Brussel Spouts, Eggs and Bacon Breakfast Pan

May 16, 2017

This dish is like a melding of the minds - because who doesn't like a runny egg, crispy bacon and you've gotta add in some veggies, right? Brussel sprouts are the winner. Toss everything together, onto a baking sheet, add some eggs and call it breakfast! A one pan meal is the best, hands down, if you have anyone you want to sit and enjoy a meal with - or if you just want to sit down and enjoy your meal without fretting over that pile of dishes you just made in the process.

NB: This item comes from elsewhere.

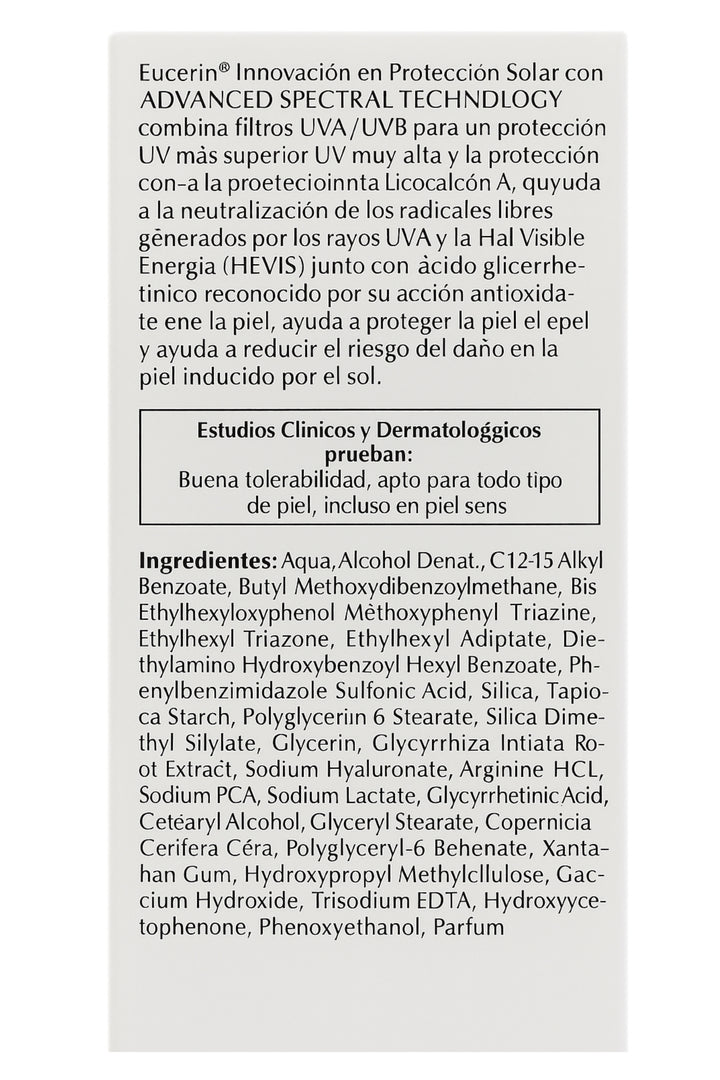 Protege tu piel diariamente con Eucerin Hydro Fluid FPS 50+, un protector solar facial de textura ultra ligera que ofrece muy alta protección contra rayos UVA/UVB. Su fórmula de rápida absorción es ideal para todo tipo de piel, incluso las sensibles, brindando un acabado fresco y sin sensación grasa.

Give this one a try and let us know how you like it!

 

INGREDIENTS

  • 2 tablespoons balsamic vinegar
  • 1 tablespoon honey
  • 1 tablespoon olive oil
  • 2 cloves garlic, minced
  • Kosher salt and freshly ground black pepper, to taste
  • 2 pounds brussels sprouts, halved
  • 4 slices bacon, diced

FOR THE EGGS

  • 4 large eggs
  • 2 tablespoons freshly grated Parmesan
  • 1/4 teaspoon crushed red pepper flakes, or more, to taste
  • Kosher salt and freshly ground black pepper, to taste
  • 2 tablespoons chopped fresh chives

 

 

DIRECTIONS

  1. Preheat oven to 400 degrees F. Lightly oil a baking sheet or coat with nonstick spray.
  2. In a small bowl, whisk together balsamic vinegar, honey, olive oil and garlic; season with salt and pepper, to taste.
  3. Place brussels sprouts and bacon in a single layer onto the prepared baking sheet. Stir in balsamic vinegar mixture.
  4. Place into oven and bake for 10-12 minutes, or until tender.
  5. Remove from oven and create 4 wells, gently cracking the eggs throughout and keeping the yolk intact.
  6. Sprinkle eggs with Parmesan and red pepper flakes; season with salt and pepper, to taste.
  7. Place into oven and bake until the egg whites have set, an additional 7-9 minutes.
  8. Serve immediately, garnished with chives, if desired.